Join MPL member, Autumn Burchett, as they find the best home for Stormwing Entity in Standard and Modern!

Stormwing Entity, illustrated by Caroline Gariba

Any card that says you can reduce its casting cost in some way is deserving of attention, first to see if you can get it into a range where it will be an appealing card for constructed, and then further to see if you can actually outright break this mana cost reduction.

Stormwing Entity

I don’t think Stormwing Entity is going to break anything, but I do think that it is compelling and has the potential to be a powerful threat in the right home. A nice way of approaching cards like this to see how you want to be taking advantage of them is to see how good the card appeals to you at each price point that it offers.
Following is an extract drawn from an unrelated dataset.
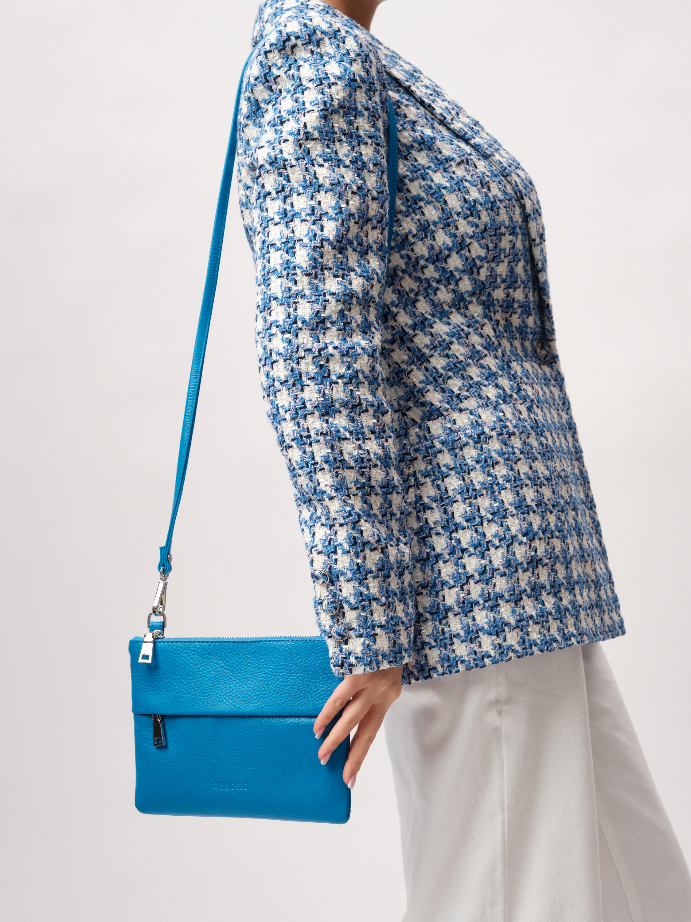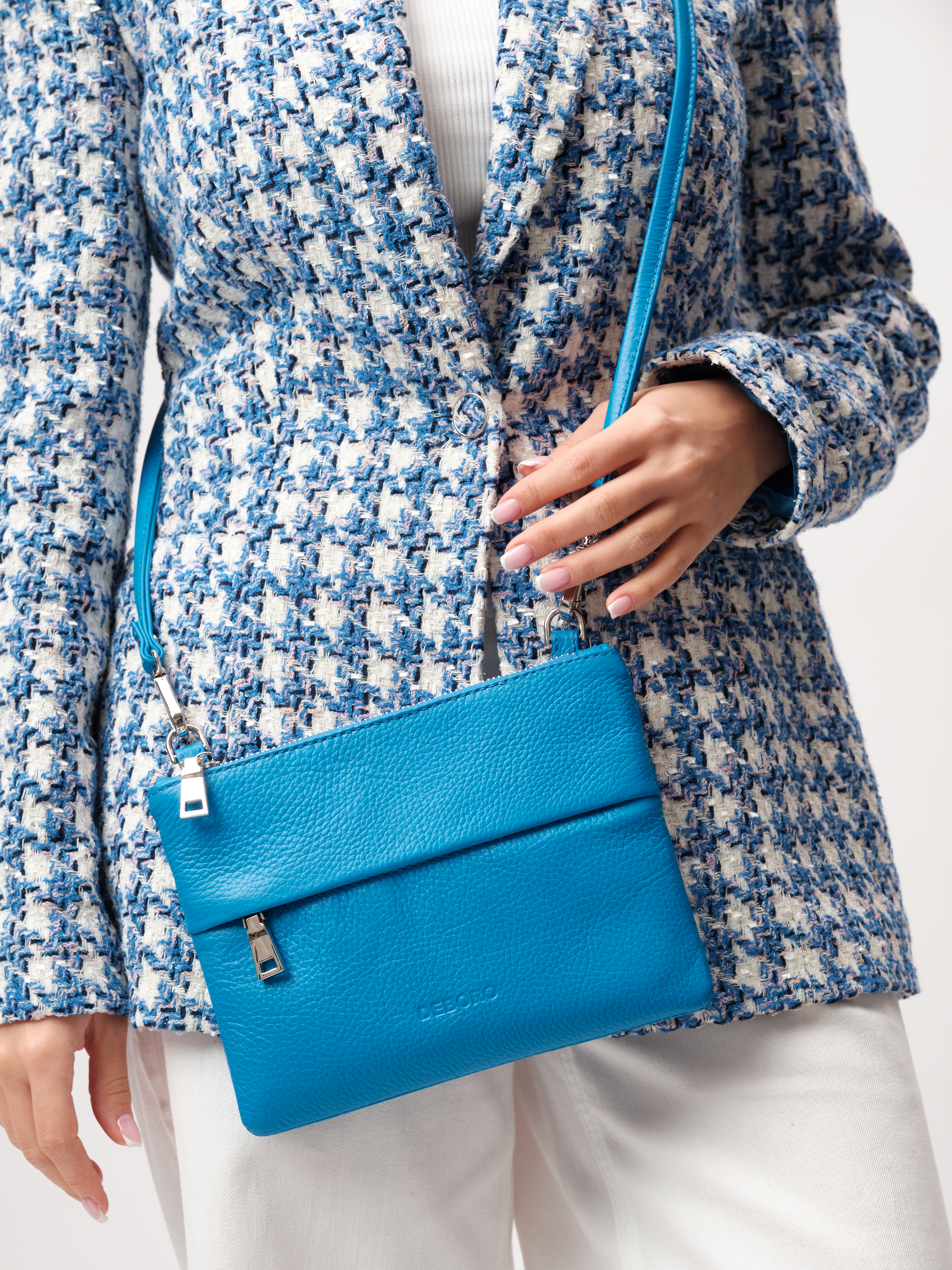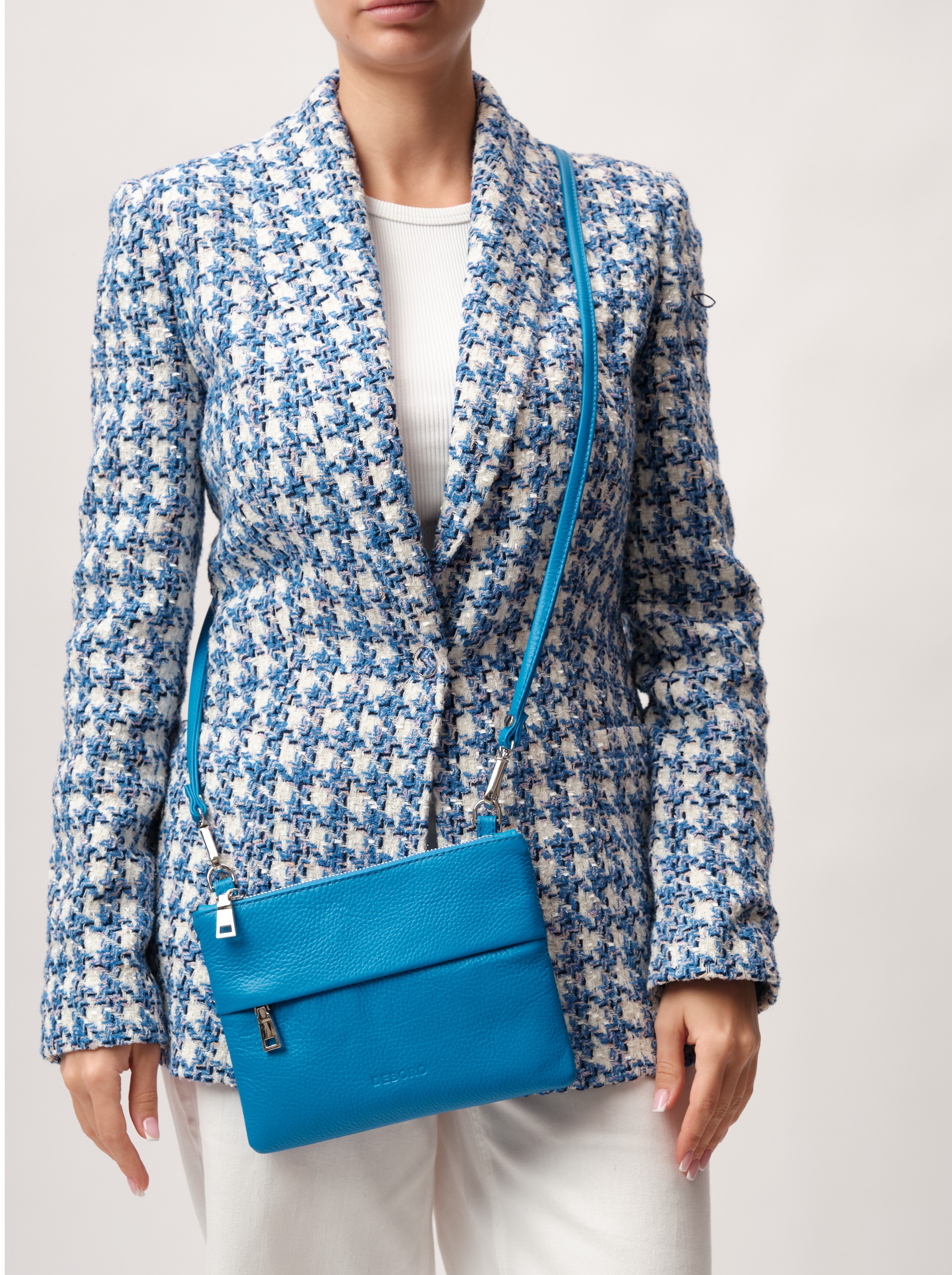 Кожаная сумка кросс-боди Deboro 3017 голубая река станет не только практичным аксессуаром, но и стильным дополнением к вашему гардеробу.

Smuggler's Copter Serra Avenger

If Stormwing Entity just straight up costed two mana with no conditions attached it would clearly see a huge amount of play. Two mana for a 3/3 flyer isn’t that far from being constructed playable as it is, and whilst scrying 2 is weaker that the looting ability offered by Smuggler’s Copter it is still appreciable upside that is easy to underrate. In addition to this, the prowess ability offers Stormwing Entity resiliency against cards like Lightning Bolt or Scorching Dragonfire in mid-game scenarios, and can make combat challenging for your opponent to engage in not knowing how big your creature will actually be. If Stormwing Entity costed two mana always, it would immediately become a constructed staple, so it’s not a question of whether the reward is there for putting in the effort to jump through this cost restriction hoop but rather how restrictive this hoop actually is in practice.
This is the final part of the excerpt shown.